ABOUT THIS TASK:
Among the lines below, the one containing "The website of" opens the range and the one containing "キッチンをカラフルに彩るロデ" closes it. Print that range exactly, without the pictures.

DATASET CONTENT:
---
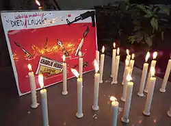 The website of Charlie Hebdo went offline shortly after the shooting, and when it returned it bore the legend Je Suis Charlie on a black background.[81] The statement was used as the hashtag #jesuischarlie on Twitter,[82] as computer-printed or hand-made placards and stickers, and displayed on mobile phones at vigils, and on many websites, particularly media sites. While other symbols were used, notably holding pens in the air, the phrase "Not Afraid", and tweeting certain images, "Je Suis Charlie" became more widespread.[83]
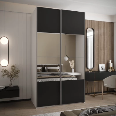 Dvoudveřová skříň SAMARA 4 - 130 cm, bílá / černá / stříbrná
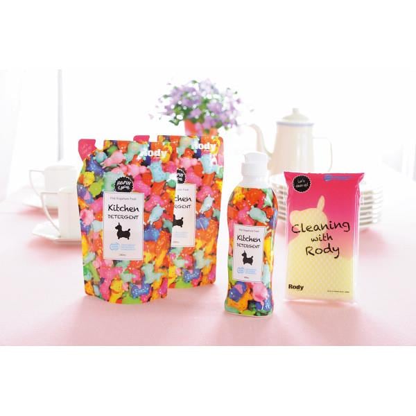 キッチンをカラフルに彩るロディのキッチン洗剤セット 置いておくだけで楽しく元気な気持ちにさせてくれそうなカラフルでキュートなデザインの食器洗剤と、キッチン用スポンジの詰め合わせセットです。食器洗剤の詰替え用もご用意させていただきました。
---
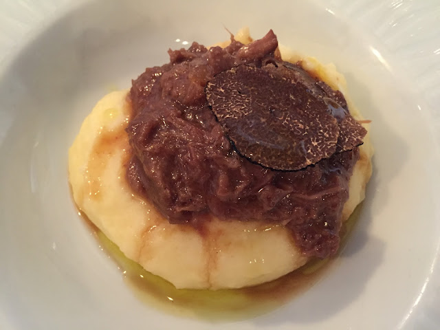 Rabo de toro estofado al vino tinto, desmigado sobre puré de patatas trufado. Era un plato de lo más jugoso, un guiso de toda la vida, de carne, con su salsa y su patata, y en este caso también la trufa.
---
RESPONSE:
 The website of Charlie Hebdo went offline shortly after the shooting, and when it returned it bore the legend Je Suis Charlie on a black background.[81] The statement was used as the hashtag #jesuischarlie on Twitter,[82] as computer-printed or hand-made placards and stickers, and displayed on mobile phones at vigils, and on many websites, particularly media sites. While other symbols were used, notably holding pens in the air, the phrase "Not Afraid", and tweeting certain images, "Je Suis Charlie" became more widespread.[83]
 Dvoudveřová skříň SAMARA 4 - 130 cm, bílá / černá / stříbrná
 キッチンをカラフルに彩るロディのキッチン洗剤セット 置いておくだけで楽しく元気な気持ちにさせてくれそうなカラフルでキュートなデザインの食器洗剤と、キッチン用スポンジの詰め合わせセットです。食器洗剤の詰替え用もご用意させていただきました。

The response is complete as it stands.